Your instructions »
Reproduce precisely the lines of the listing below, starting with the line that contains "当日は3人の幼児と一緒に、参" and stopping after the line that contains "Союз казаков России"; include nothing else.

Information supplied »

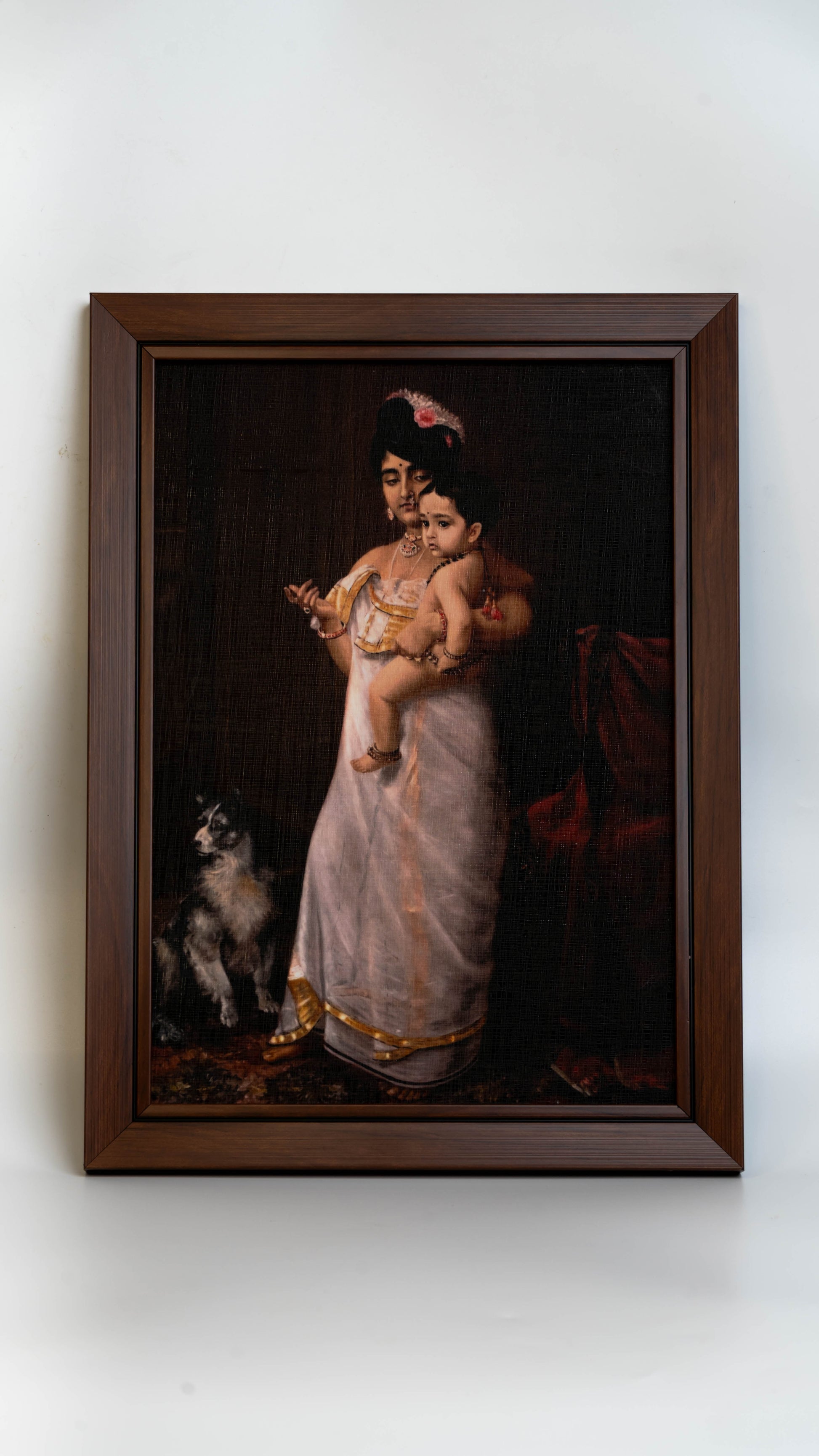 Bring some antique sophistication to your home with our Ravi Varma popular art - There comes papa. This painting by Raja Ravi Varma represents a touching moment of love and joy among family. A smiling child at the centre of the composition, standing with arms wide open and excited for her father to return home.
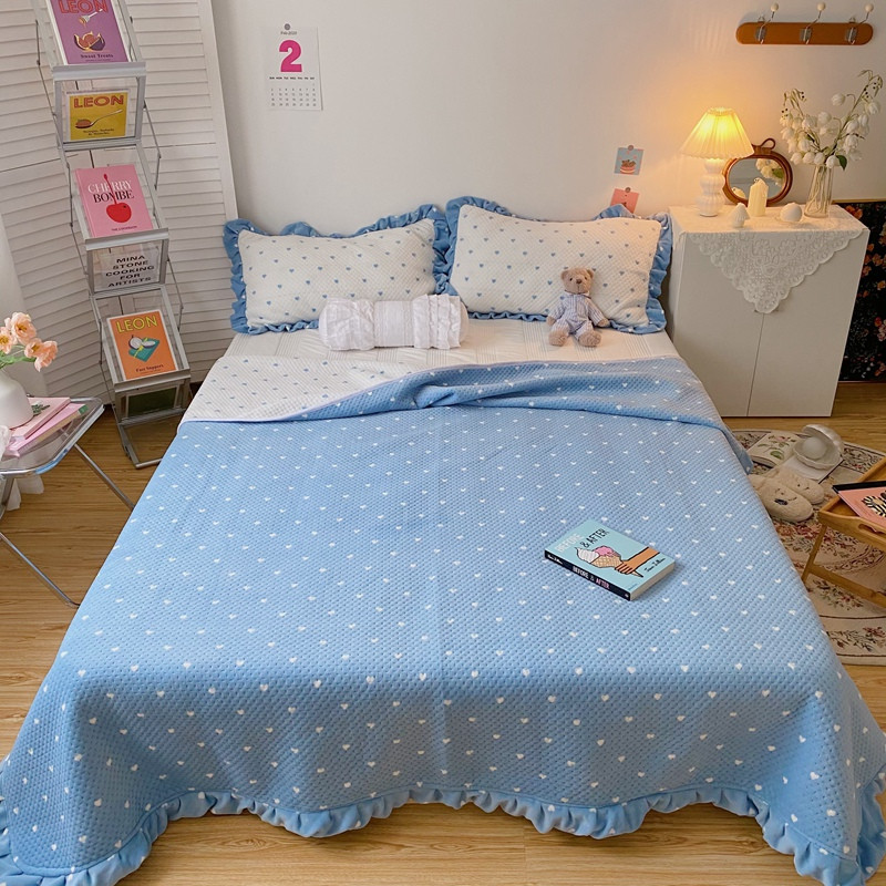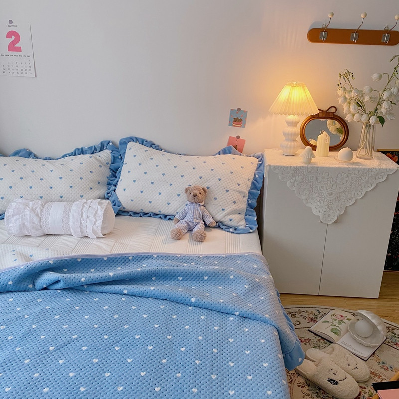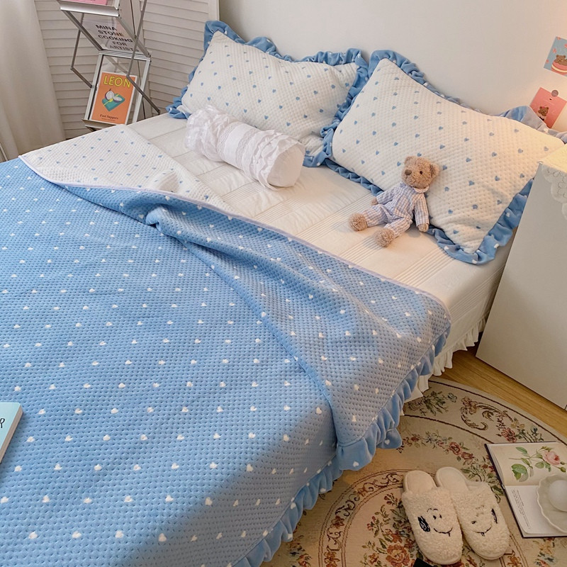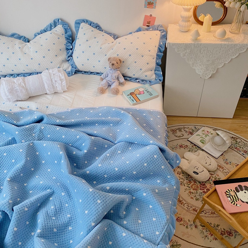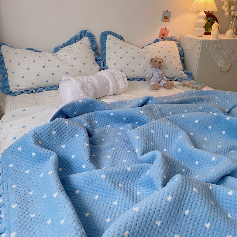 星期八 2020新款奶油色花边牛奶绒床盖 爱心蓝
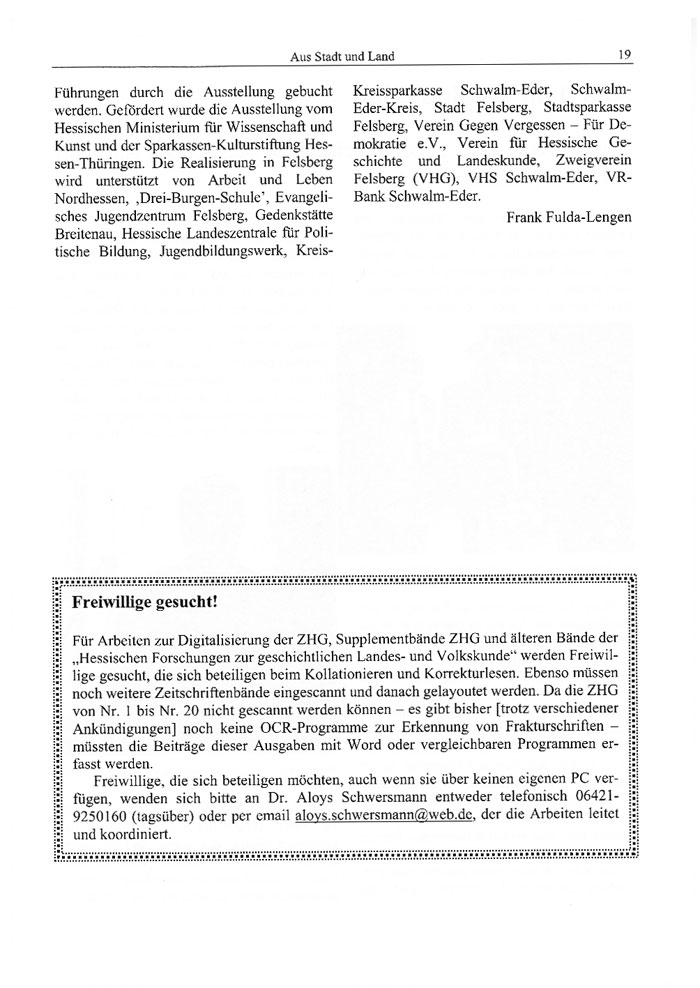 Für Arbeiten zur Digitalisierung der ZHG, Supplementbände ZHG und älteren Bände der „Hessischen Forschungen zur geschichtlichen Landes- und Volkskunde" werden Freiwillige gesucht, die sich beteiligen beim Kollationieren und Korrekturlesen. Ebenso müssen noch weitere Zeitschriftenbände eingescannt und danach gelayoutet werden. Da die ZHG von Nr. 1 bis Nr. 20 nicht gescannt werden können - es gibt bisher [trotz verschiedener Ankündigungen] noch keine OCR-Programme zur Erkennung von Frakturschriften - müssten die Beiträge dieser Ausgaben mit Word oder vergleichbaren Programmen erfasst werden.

---

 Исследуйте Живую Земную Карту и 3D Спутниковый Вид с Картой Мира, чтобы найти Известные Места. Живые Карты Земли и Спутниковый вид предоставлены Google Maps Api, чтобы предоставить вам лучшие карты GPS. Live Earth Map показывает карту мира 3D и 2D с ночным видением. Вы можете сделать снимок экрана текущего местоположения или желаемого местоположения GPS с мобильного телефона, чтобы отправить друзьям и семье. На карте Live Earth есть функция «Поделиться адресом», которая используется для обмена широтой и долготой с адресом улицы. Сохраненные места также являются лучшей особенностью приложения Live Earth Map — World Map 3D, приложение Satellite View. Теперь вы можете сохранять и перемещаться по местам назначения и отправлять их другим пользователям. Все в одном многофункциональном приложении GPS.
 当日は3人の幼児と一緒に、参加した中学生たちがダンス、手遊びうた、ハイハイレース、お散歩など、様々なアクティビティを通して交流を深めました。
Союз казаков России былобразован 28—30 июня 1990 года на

Answer area »
 当日は3人の幼児と一緒に、参加した中学生たちがダンス、手遊びうた、ハイハイレース、お散歩など、様々なアクティビティを通して交流を深めました。
Союз казаков России былобразован 28—30 июня 1990 года на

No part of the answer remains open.